About this exercise: Down to the last line, repeat the entries exactly.

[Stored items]
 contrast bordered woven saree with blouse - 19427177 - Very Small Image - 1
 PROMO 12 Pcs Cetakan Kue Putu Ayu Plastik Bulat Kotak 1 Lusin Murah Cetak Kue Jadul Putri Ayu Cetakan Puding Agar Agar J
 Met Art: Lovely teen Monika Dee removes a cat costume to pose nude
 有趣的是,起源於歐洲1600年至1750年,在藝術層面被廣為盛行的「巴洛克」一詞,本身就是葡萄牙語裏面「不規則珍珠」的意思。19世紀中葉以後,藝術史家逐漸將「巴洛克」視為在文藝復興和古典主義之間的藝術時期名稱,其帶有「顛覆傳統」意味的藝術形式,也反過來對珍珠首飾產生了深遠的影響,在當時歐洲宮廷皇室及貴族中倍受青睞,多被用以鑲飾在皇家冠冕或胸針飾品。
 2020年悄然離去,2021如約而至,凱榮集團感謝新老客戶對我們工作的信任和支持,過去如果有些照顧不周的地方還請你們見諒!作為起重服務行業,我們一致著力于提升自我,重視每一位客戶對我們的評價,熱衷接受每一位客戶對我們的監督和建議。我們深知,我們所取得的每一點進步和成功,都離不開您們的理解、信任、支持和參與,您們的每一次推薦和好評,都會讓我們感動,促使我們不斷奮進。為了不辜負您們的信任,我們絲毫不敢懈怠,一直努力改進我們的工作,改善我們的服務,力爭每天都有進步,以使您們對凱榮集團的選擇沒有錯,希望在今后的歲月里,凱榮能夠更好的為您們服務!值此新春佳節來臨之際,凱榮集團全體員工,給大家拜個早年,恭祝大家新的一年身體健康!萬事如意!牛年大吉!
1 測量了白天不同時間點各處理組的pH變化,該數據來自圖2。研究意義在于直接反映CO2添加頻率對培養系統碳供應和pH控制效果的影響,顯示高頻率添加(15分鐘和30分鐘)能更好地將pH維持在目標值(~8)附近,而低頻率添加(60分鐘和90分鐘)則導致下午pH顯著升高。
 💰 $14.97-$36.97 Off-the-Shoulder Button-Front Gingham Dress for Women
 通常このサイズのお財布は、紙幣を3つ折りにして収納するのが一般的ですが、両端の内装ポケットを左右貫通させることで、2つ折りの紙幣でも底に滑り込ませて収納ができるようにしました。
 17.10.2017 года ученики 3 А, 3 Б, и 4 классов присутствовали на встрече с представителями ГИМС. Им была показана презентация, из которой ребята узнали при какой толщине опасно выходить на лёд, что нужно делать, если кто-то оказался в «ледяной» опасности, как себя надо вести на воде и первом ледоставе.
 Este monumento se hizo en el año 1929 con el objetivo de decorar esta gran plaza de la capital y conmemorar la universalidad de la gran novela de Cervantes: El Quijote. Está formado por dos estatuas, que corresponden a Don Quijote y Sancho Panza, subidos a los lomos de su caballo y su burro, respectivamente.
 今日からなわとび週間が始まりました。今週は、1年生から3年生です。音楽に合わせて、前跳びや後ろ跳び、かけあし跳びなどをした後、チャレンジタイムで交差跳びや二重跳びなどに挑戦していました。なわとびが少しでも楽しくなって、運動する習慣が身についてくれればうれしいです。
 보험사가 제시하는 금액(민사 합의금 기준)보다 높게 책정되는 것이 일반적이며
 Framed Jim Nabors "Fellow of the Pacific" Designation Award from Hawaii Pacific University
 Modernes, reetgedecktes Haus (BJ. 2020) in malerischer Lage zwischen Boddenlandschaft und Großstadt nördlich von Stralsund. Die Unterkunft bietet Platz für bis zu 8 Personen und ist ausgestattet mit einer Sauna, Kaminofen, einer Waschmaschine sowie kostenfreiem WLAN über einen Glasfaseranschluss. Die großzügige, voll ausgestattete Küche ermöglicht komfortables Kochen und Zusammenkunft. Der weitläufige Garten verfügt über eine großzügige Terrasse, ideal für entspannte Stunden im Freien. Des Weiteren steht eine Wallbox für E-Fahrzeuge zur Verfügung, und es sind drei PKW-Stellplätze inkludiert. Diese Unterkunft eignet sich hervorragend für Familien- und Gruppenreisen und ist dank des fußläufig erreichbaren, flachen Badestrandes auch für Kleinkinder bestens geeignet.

Response to the task:
 contrast bordered woven saree with blouse - 19427177 - Very Small Image - 1
 PROMO 12 Pcs Cetakan Kue Putu Ayu Plastik Bulat Kotak 1 Lusin Murah Cetak Kue Jadul Putri Ayu Cetakan Puding Agar Agar J
 Met Art: Lovely teen Monika Dee removes a cat costume to pose nude
 有趣的是,起源於歐洲1600年至1750年,在藝術層面被廣為盛行的「巴洛克」一詞,本身就是葡萄牙語裏面「不規則珍珠」的意思。19世紀中葉以後,藝術史家逐漸將「巴洛克」視為在文藝復興和古典主義之間的藝術時期名稱,其帶有「顛覆傳統」意味的藝術形式,也反過來對珍珠首飾產生了深遠的影響,在當時歐洲宮廷皇室及貴族中倍受青睞,多被用以鑲飾在皇家冠冕或胸針飾品。
 2020年悄然離去,2021如約而至,凱榮集團感謝新老客戶對我們工作的信任和支持,過去如果有些照顧不周的地方還請你們見諒!作為起重服務行業,我們一致著力于提升自我,重視每一位客戶對我們的評價,熱衷接受每一位客戶對我們的監督和建議。我們深知,我們所取得的每一點進步和成功,都離不開您們的理解、信任、支持和參與,您們的每一次推薦和好評,都會讓我們感動,促使我們不斷奮進。為了不辜負您們的信任,我們絲毫不敢懈怠,一直努力改進我們的工作,改善我們的服務,力爭每天都有進步,以使您們對凱榮集團的選擇沒有錯,希望在今后的歲月里,凱榮能夠更好的為您們服務!值此新春佳節來臨之際,凱榮集團全體員工,給大家拜個早年,恭祝大家新的一年身體健康!萬事如意!牛年大吉!
1 測量了白天不同時間點各處理組的pH變化,該數據來自圖2。研究意義在于直接反映CO2添加頻率對培養系統碳供應和pH控制效果的影響,顯示高頻率添加(15分鐘和30分鐘)能更好地將pH維持在目標值(~8)附近,而低頻率添加(60分鐘和90分鐘)則導致下午pH顯著升高。
 💰 $14.97-$36.97 Off-the-Shoulder Button-Front Gingham Dress for Women
 通常このサイズのお財布は、紙幣を3つ折りにして収納するのが一般的ですが、両端の内装ポケットを左右貫通させることで、2つ折りの紙幣でも底に滑り込ませて収納ができるようにしました。
 17.10.2017 года ученики 3 А, 3 Б, и 4 классов присутствовали на встрече с представителями ГИМС. Им была показана презентация, из которой ребята узнали при какой толщине опасно выходить на лёд, что нужно делать, если кто-то оказался в «ледяной» опасности, как себя надо вести на воде и первом ледоставе.
 Este monumento se hizo en el año 1929 con el objetivo de decorar esta gran plaza de la capital y conmemorar la universalidad de la gran novela de Cervantes: El Quijote. Está formado por dos estatuas, que corresponden a Don Quijote y Sancho Panza, subidos a los lomos de su caballo y su burro, respectivamente.
 今日からなわとび週間が始まりました。今週は、1年生から3年生です。音楽に合わせて、前跳びや後ろ跳び、かけあし跳びなどをした後、チャレンジタイムで交差跳びや二重跳びなどに挑戦していました。なわとびが少しでも楽しくなって、運動する習慣が身についてくれればうれしいです。
 보험사가 제시하는 금액(민사 합의금 기준)보다 높게 책정되는 것이 일반적이며
 Framed Jim Nabors "Fellow of the Pacific" Designation Award from Hawaii Pacific University
 Modernes, reetgedecktes Haus (BJ. 2020) in malerischer Lage zwischen Boddenlandschaft und Großstadt nördlich von Stralsund. Die Unterkunft bietet Platz für bis zu 8 Personen und ist ausgestattet mit einer Sauna, Kaminofen, einer Waschmaschine sowie kostenfreiem WLAN über einen Glasfaseranschluss. Die großzügige, voll ausgestattete Küche ermöglicht komfortables Kochen und Zusammenkunft. Der weitläufige Garten verfügt über eine großzügige Terrasse, ideal für entspannte Stunden im Freien. Des Weiteren steht eine Wallbox für E-Fahrzeuge zur Verfügung, und es sind drei PKW-Stellplätze inkludiert. Diese Unterkunft eignet sich hervorragend für Familien- und Gruppenreisen und ist dank des fußläufig erreichbaren, flachen Badestrandes auch für Kleinkinder bestens geeignet.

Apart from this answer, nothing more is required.